#### Supplied material
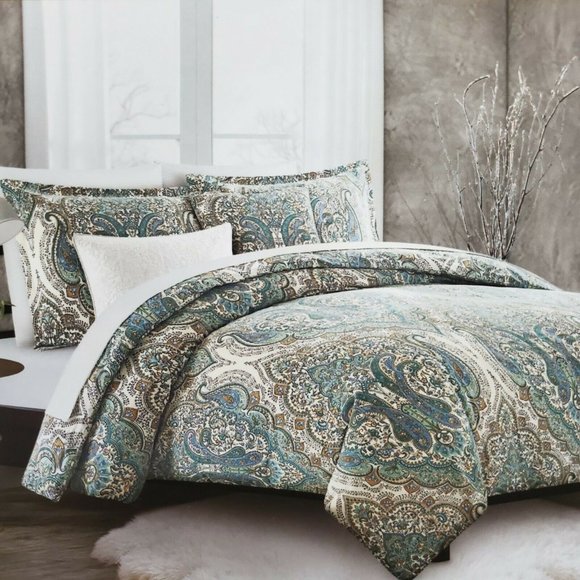 Nicole Miller Floral Medallion Paisley King 3 Piece Duvet Cover Set.
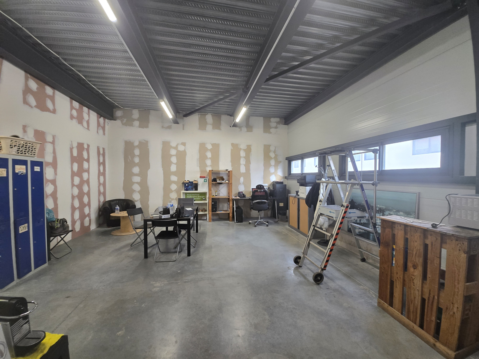 - 150 m² en RDC composé d'un espace de stockage et d'une partir locaux sociaux avec 2 sanitaires (Code du Travail).
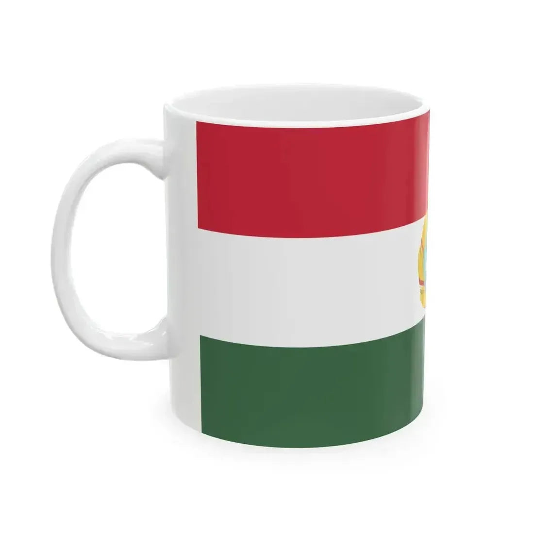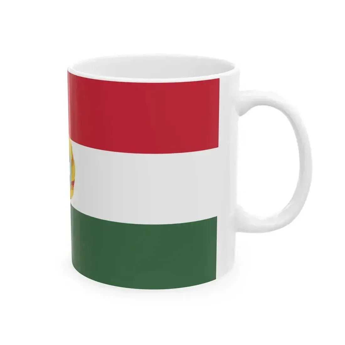 This White Coffee Mug showcases a design inspired by the Flag of Hungary with the Kádár Coat of Arms. The mug's design features three horizontal bands, reminiscent of the flag, and prominently displays the Kádár Coat of Arms in the center. This coat of arms, used during the era of János Kádár, the General Secretary of the Hungarian Communist Party from 1956 to 1988, is a significant historical symbol. The design offers a unique and insightful representation for coffee lovers who appreciate a touch of history in their daily routine.
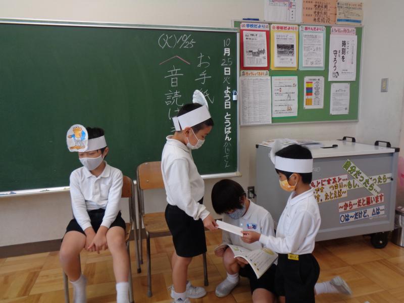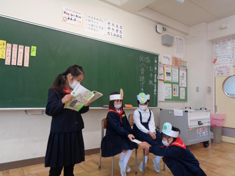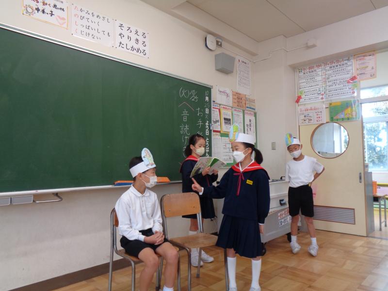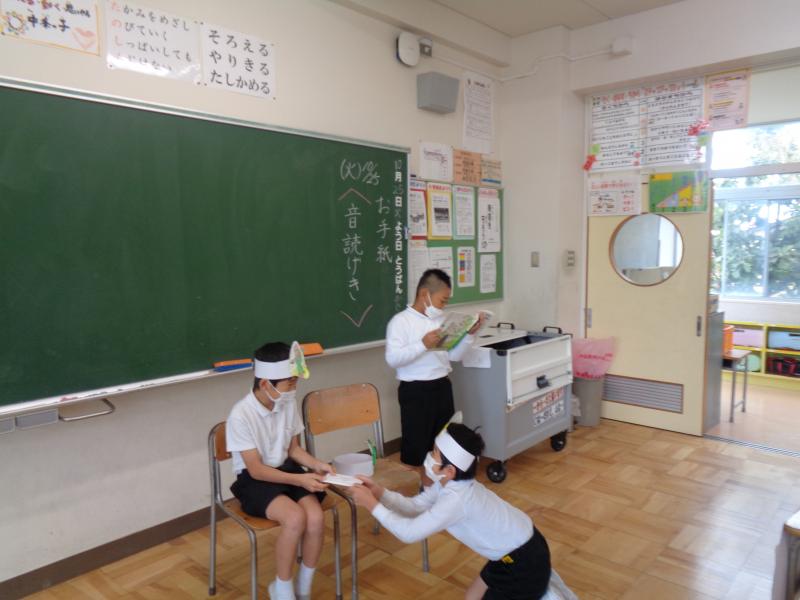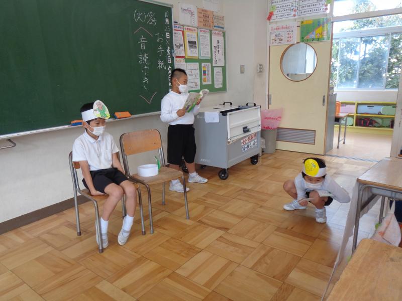 10月25日(火)1限目、2年2組の子ども達が、『お手紙』の音読劇をしていました。
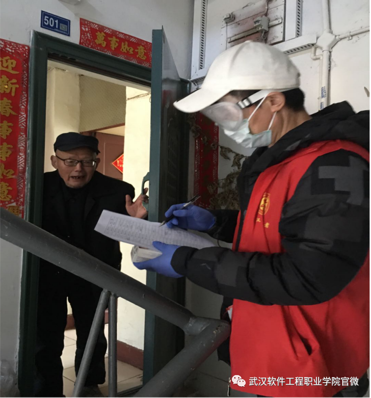 2月15日,在汉教职工李洪斌、邓永炎、许莉、黄晋、韩昊、胡晓飞等第一时间到就近社区报到,参与防疫工作。副主任李洪斌下沉至劳动街公园社区,除完成“四类人员”排查、门岗值守、爱心菜整理派发等工作外,还主动承担无人值守小区的夜班门岗值守任务,从深夜到天明,为每一个回家的抗疫工作者做好记录。日常排查体温和了解生活需求时,每天都要爬楼梯,他一户户敲门,有时和年纪大的居民沟通,要扯着嗓子重复多遍,一趟下来已是满头大汗。

#### About this task
Reproduce, without alteration and without pictures, only those lines that lie between the first line of the entries above and the line containing "10月25日(火)1限目、2", both of them included.

#### The answer
 Nicole Miller Floral Medallion Paisley King 3 Piece Duvet Cover Set.
 - 150 m² en RDC composé d'un espace de stockage et d'une partir locaux sociaux avec 2 sanitaires (Code du Travail).
 This White Coffee Mug showcases a design inspired by the Flag of Hungary with the Kádár Coat of Arms. The mug's design features three horizontal bands, reminiscent of the flag, and prominently displays the Kádár Coat of Arms in the center. This coat of arms, used during the era of János Kádár, the General Secretary of the Hungarian Communist Party from 1956 to 1988, is a significant historical symbol. The design offers a unique and insightful representation for coffee lovers who appreciate a touch of history in their daily routine.
 10月25日(火)1限目、2年2組の子ども達が、『お手紙』の音読劇をしていました。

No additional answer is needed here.